Administration of cardioplegia during the exposure of the valvular structure in valvular heart surgery is challenging. In mitral valve surgery, over-traction of the mitral retractor can distort the aortic valve. Therefore, the mitral retractor must be periodically dismounted during the administration of antegrade cardioplegia to ensure aortic valve competency and appropriate delivery to the coronary arteries. In aortic valve surgery, the cardioplegia must be delivered through the coronary ostia. Repetitive manipulation around the coronary ostia may result in a coronary ostial injury. In addition, cardioplegia distribution may not be sufficient from the unbalanced coronary ostial infusion. These maneuvers usually interrupt the surgical workflow when used in conjunction with traditional multidose cardioplegia. The use of retrograde cardioplegia may be a suitable option in this situation. However, it is associated with insufficient protection of the right ventricle[13]. Malposition and dislodging of the coronary sinus catheter can occur during cardiac procedure and lead to undesirable complications such as rupture of the coronary sinus. Moreover, retrograde cardioplegia could not always be achieved, especially in a minimally invasive approach. Thus, a single-dose cardioplegia is an attractive option for myocardial protection during valvular heart surgery. Its longer redosing interval provides an uninterrupted, streamlined surgical workflow. Additionally, fewer manipulations potentially reduce the risk of serious complications.
Myocardial injury, represented by peak postoperative troponin T levels in this study, was similar between cardioplegia protocols. Both del Nido and HTK cardioplegias have been reported to have similar or superior myocardial protection compared to the blood cardioplegia strategy[1,2,3,5,8,11]. However, very few studies have a face-to-face comparison between the two cardioplegia protocols. In pediatric patients who underwent elective surgical correction for tetralogy of Fallot, the randomized study by Talwar et al.[12] demonstrated lower postoperative troponin release in the del Nido group than in those who received HTK solution.
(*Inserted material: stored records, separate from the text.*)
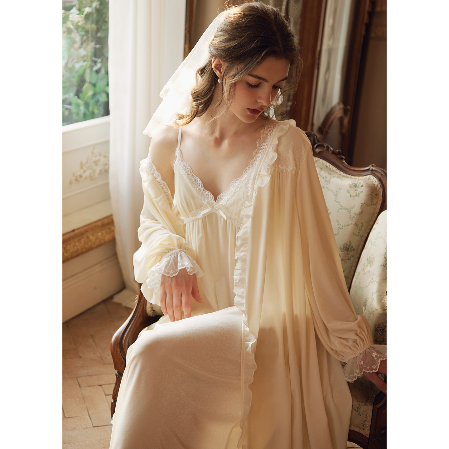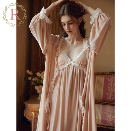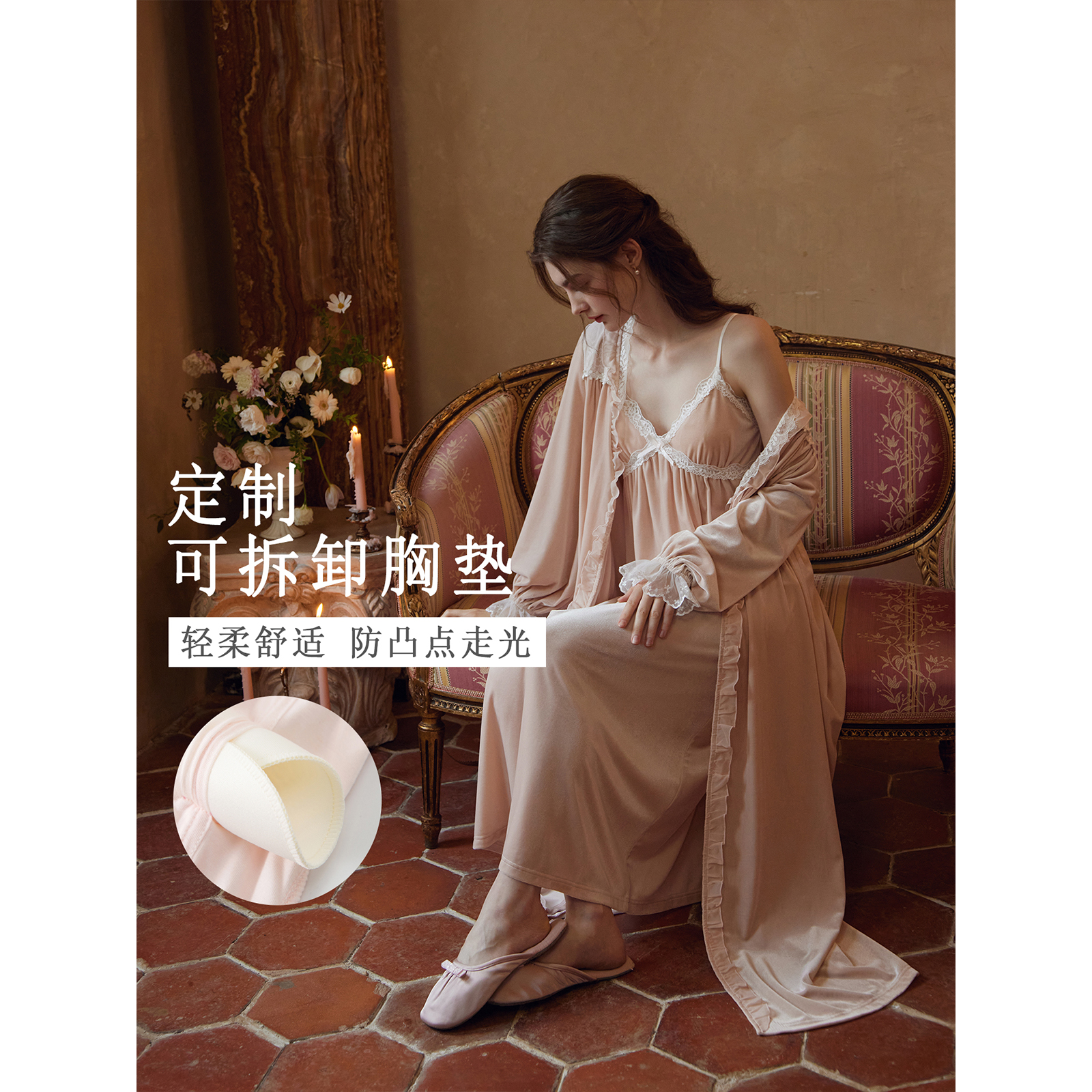 RoseTree新娘晨袍女春秋季长袖长睡袍法式性感睡衣睡裙套装带胸垫
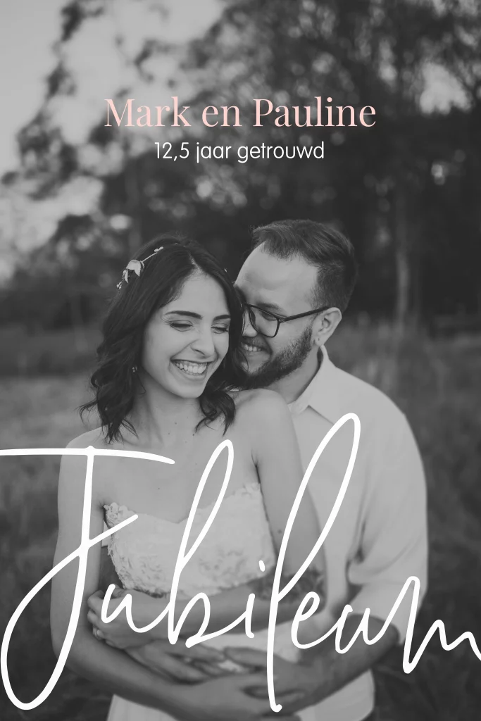 Gefeliciteerd! Jullie zijn 12,5 jaar getrouwd. Maak deze jubileumkaart helemaal eigen en voeg een afbeelding van jullie toe. De tekst kunnen jullie eenvoudig personaliseren in onze editor! Ergens hulp bij nodig? Laat het ons dan weten! We kijken graag even met jullie mee.
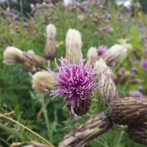 Wieder auf der Hauptstraße, wird mein Blick von einem Schaufenster angezogen. Eine lokale Künstlerin stellt ihre Zeichnungen von der heimischen Flora aus. Ich will uns in den Laden hineinschieben. Ich denke, viel Laufkundschaft bekommt die Künstlerin nicht, denn sie muss erst aufschließen. Geduldig lässt sie uns alles betrachten. Wir kaufen einige Motive in Grußkarten- Format. Ritter Robert informiert sich bei ihr nach der irischen Sprache. Auf den Straßenschildern sehen wir überall eine englische und eine irische bzw. gälische Aufschrift. Die Malerin berichtet, dass nur noch wenige Menschen das Irische tatsächlich sprechen, dass es beinahe ausgestorben ist. Sie geht kurz auf die Geschichte ein und sagt so etwas wie „Willst du eine Kultur unterdrücken, musst du ihr die Sprache nehmen“. Das zuvor etwas graue Gesicht hat inzwischen etwas Farbe und Lebendigkeit bekommen. Oder ist nun auch etwas Emotionalität dabei? Sie interessiert sich auch dafür, wo wir herkommen und vermutet, dass alle Deutschen mehrere Fremdsprachen sprechen. Diese Ansicht korrigieren wir etwas. Zum Abschied sagt sie „Go raibh maith agat“. Das heißt danke. Nicht die einfachste Sprache.
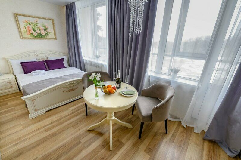 Место живописное - берег реки Луга, практически лес. Но это одновременно и минус - отель, можно сказать, на отшибе. Хотя город-то не сильно большой, всё в пешей доступности.

Lee et al.[6] also reported similar results in minimally invasive cardiac surgery patients. The generally acceptable time limit for a singledose infusion of del Nido cardioplegia is 60-90 minutes[1,3,9,10,11,14]. However, if necessary, additional doses can be administered after 90 minutes of the initial dose. In comparison, the additional dose of HTK cardioplegia may not be required within 180 minutes of the initial dose unless there is a spontaneous return of cardiac electrical activity. Most of these previous studies were performed in low-risk, non-complex, single-valve patients with preserved ventricular function. Therefore, the aortic cross-clamping time is usually < 90 minutes. In our study, the mean aortic cross-clamping time in the del Nido and HTK groups was longer than in other studies (an average of 105 and 104 minutes, respectively) which could be explained by a more complex procedure (e.g., multiple valves surgery) included in our study. Our study’s prolonged aortic cross-clamping time could have been sufficient to produce higher troponin release postoperatively in both groups. Therefore, there was no difference in postoperative troponin levels. Similar results for prolonged aortic-cross clamping time were also observed in Duan et al.[4] complex valve surgery study.
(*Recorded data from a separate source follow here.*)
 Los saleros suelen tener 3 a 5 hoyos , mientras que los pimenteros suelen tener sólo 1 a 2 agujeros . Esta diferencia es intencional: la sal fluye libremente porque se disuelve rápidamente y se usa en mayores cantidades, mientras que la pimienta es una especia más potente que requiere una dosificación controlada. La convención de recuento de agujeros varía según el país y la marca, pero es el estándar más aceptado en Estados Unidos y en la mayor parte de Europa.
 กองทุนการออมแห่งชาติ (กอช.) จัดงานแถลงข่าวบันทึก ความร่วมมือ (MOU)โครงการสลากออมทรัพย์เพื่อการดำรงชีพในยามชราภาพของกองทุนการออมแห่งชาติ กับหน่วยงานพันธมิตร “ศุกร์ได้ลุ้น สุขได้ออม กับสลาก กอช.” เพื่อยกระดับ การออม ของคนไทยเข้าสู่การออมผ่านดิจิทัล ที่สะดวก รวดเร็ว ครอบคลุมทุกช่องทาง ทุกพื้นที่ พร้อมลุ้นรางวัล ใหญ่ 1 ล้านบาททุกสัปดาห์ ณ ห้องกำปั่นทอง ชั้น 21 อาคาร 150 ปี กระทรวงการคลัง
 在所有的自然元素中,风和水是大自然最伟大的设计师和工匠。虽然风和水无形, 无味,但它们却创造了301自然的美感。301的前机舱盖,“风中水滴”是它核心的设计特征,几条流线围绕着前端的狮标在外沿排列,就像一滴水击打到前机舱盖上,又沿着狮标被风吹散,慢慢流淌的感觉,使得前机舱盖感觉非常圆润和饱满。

Ventricular fibrillation can occur when the heart muscle is damaged or stressed. This can happen when the heart is exposed to ischemia, hypoxia, or other forms of stress. Therefore, the occurrence of ventricular fibrillation may be an indicator of poor myocardial protection during surgical procedures. According to the finding from Elcik et al.[15], at the messenger ribonucleic acid (mRNA) expression level of associated markers, HTK cardioplegia caused more damage to the myocardium compared to blood cardioplegia. In addition, a significant increase in ventricular fibrillation after aortic cross-clamp removal with HTK cardioplegia has been consistently reported[4,12]. Our study also demonstrated a higher incidence of ventricular fibrillation in the HTK group compared to the del Nido group. This finding may indirectly indicate better myocardial protection with del Nido cardioplegia. However, these findings had no impact on outcomes, as demonstrated by similar postoperative troponin levels and clinical outcomes. On the other hand, another interesting finding is that the use of del Nido cardioplegia is associated with a lower incidence of ventricular fibrillation after aortic cross-clamp removal[2,4,11,12,14]. One of the ingredients of del Nido cardioplegia, lidocaine, may be responsible for these findings.
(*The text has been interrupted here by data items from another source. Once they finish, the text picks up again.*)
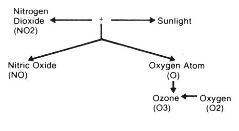 Air pollution can cause significant damage on leaves of field-grown watermelons (Citrullus lanatus [Thunb.] Matsum and Nakai) and muskmelons (Cucumis melo var. reticulatus). The air pollution-induced injury on melons observed in several midwestern and eastern states is principally caused by ozone. Ozone is produced in air during the daylight hours from chemicals released from automobile exhausts and the combustion of fossil fuels (oil and coal) (Figure 1). During the summer months, ozone concentrations in several regions of Indiana have been recorded at levels that could cause injury to crops susceptible to air pollutant injury. Other crops in which ozone injury has been observed in Indiana include potatoes, string beans, tobacco, soybeans, and squash.
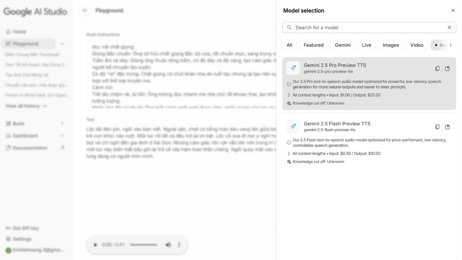 Google vừa công bố loạt cập nhật quan trọng cho công nghệ chuyển đổi văn bản thành giọng nói (Text-to-Speech – TTS), đi kèm hai phiên bản mới là Gemini 2.5 FlashGemini 2.5 Pro. Hiện các công cụ này đã xuất hiện trên Google AI Studio dưới dạng bản xem trước (preview), cho phép mọi người dùng trải nghiệm sớm và ứng dụng vào các sản phẩm cần chất lượng âm thanh cao.
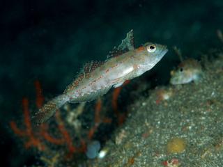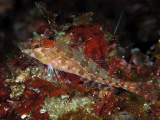 コイツはIOPの深場には結構いるみたいです。バディのビデオには何回か登場してます。その映像を見るたびに、美しいハナダイが乱舞する深場でよくこんなジミなサカナを撮る気になったもんだ。と思ってたけど、、、、実際会ってみるたコイツは、カイメンの先っちょに止まったりして、結構カワイイじゃないか!!
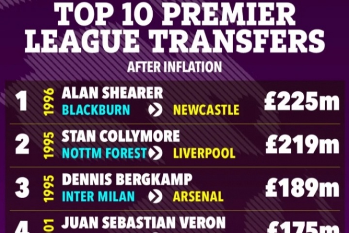 不過(guò)太陽(yáng)報(bào)表示,根據(jù)足球金融媒體Valuball的計(jì)算,如果考慮到通貨膨脹,1.2億鎊甚至無(wú)法進(jìn)入英超歷史前20,目前的第20名為2023年1.15億鎊加盟切爾西的凱塞多,考慮通脹后為1.24億鎊。
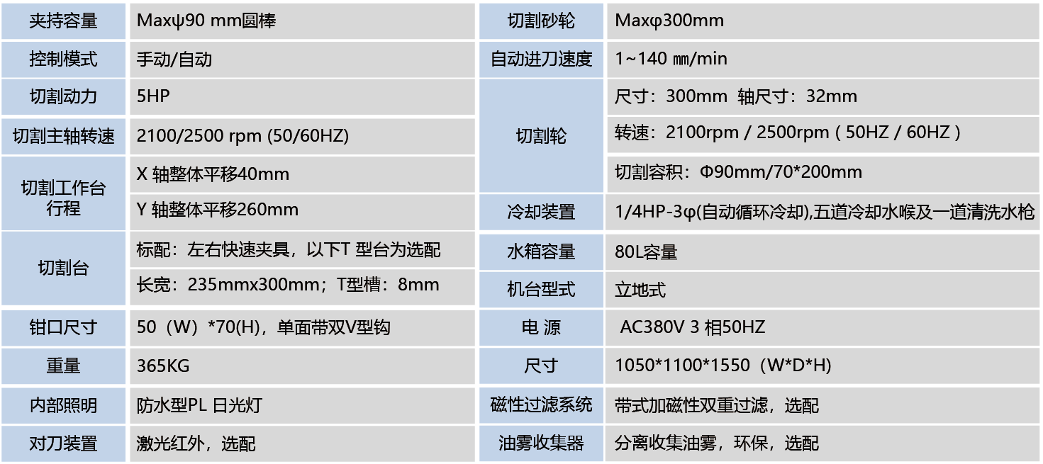 1.切割动力:主轴马达采用5HP小型齿轮马达带动工作台前进水平进刀方式进刀,
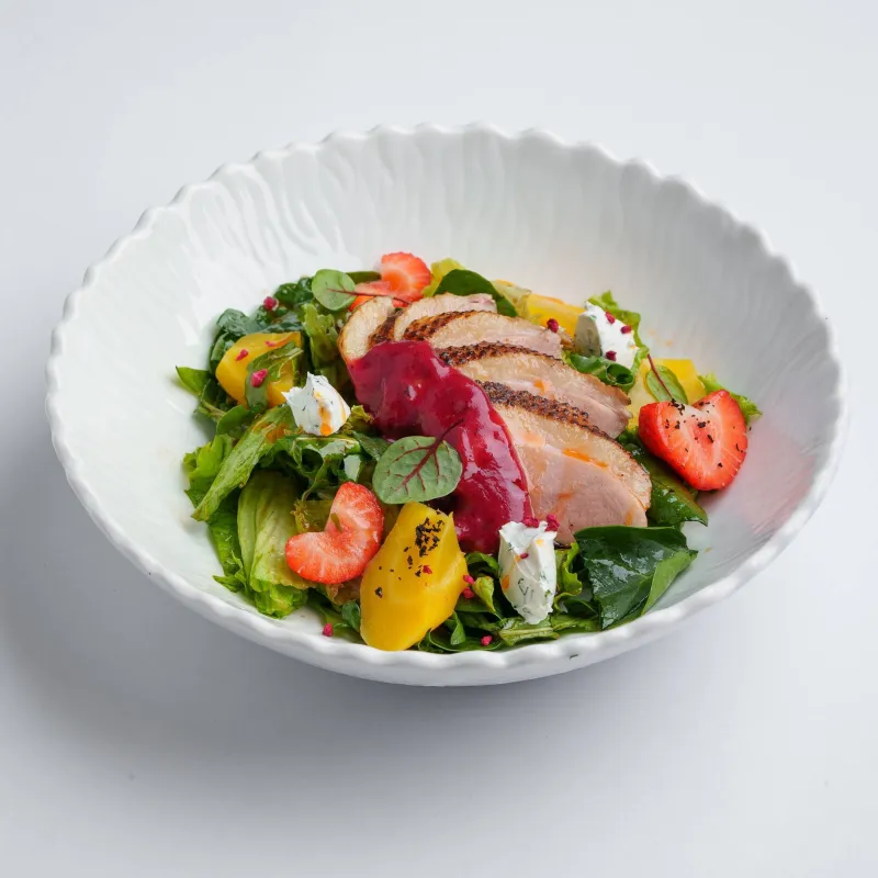 утиная грудка су вид, микс салата, запеченная морковь, крем чиз, малиновый бальзамик, брусничный соус

The total volume of HTK cardioplegia is generally higher than of del Nido cardioplegia. Additionally, HTK is crystalloid cardioplegia, whereas del Nido cardioplegia is 1:4 blood cardioplegia. Therefore, more hemodilution may occur in patients who receive HTK cardioplegia. Many del Nido cardioplegia studies have reported a reduction in the total cardioplegia volume. The reduction in the total volume of cardioplegia may result in less hemodilution and a lower incidence of postoperative red cell transfusion[2,3,4,11,12]. In our study, del Nido cardioplegia was also associated with a lower total volume of cardioplegia and a lower incidence of postoperative red cell transfusion. Although the perfused solution can be removed from the coronary sinus to reduce hemodilution, these unnecessary procedures added on to the operation, including additional venous cannulation, total caval occlusion, and right atrial incision, can prolong the operation and lead to undesirable outcomes.
Plasma-Lyte™, the base solution of original del Nido cardioplegia, has no calcium. The final calcium concentration of the delivered cardioplegia can be considered as trace after mixing one part of oxygenated pump blood with the crystalloid component[9]. In contrast, lactated Ringer’s solution has calcium in a range of 1.5-3 mEq/L. Our modification to utilize lactated Ringer’s as a based solution leads to higher calcium concentration in the delivered cardioplegia[11]. Theoretically, this may increase intracellular calcium accumulation, resulting in poor myocardial recovery. Although the calcium concentration in this modified version of del Nido cardioplegia was a concern, there was no evidence of impaired outcomes with our cardioplegia strategy in both short-term and midterm follow-ups.
Limitations
This study was limited by its retrospective, non-randomized, and single-institution design. We included various procedure types in this investigation, although the proportion of operation types was not statistically different. In addition, we could not control confounding variables due to the small sample size. As the goal of this study was to compare our modified del Nido cardioplegia with HTK cardioplegia, the findings in this single-institution study may not be generalizable or applicable to other cardiac centers because the variations in cardioplegia protocol may not provide comparable results. To validate our findings, a larger sample size or randomized controlled study to compare our modified del Nido cardioplegia and HTK cardioplegia is required.
CONCLUSION
The use of lactated Ringer’s-based del Nido cardioplegia is a safe and effective alternative to HTK cardioplegia for myocardial protection in valvular surgery. Our findings demonstrated that the modified del Nido cardioplegia provided comparable outcomes with several advantages, including a decreased incidence of ventricular fibrillation after aortic cross-clamp removal, lower total cardioplegia volume, shorter length of hospital stay, and a lower incidence of postoperative red cell transfusion. However, further investigation in a large-scale or randomized controlled study is warranted to confirm our findings.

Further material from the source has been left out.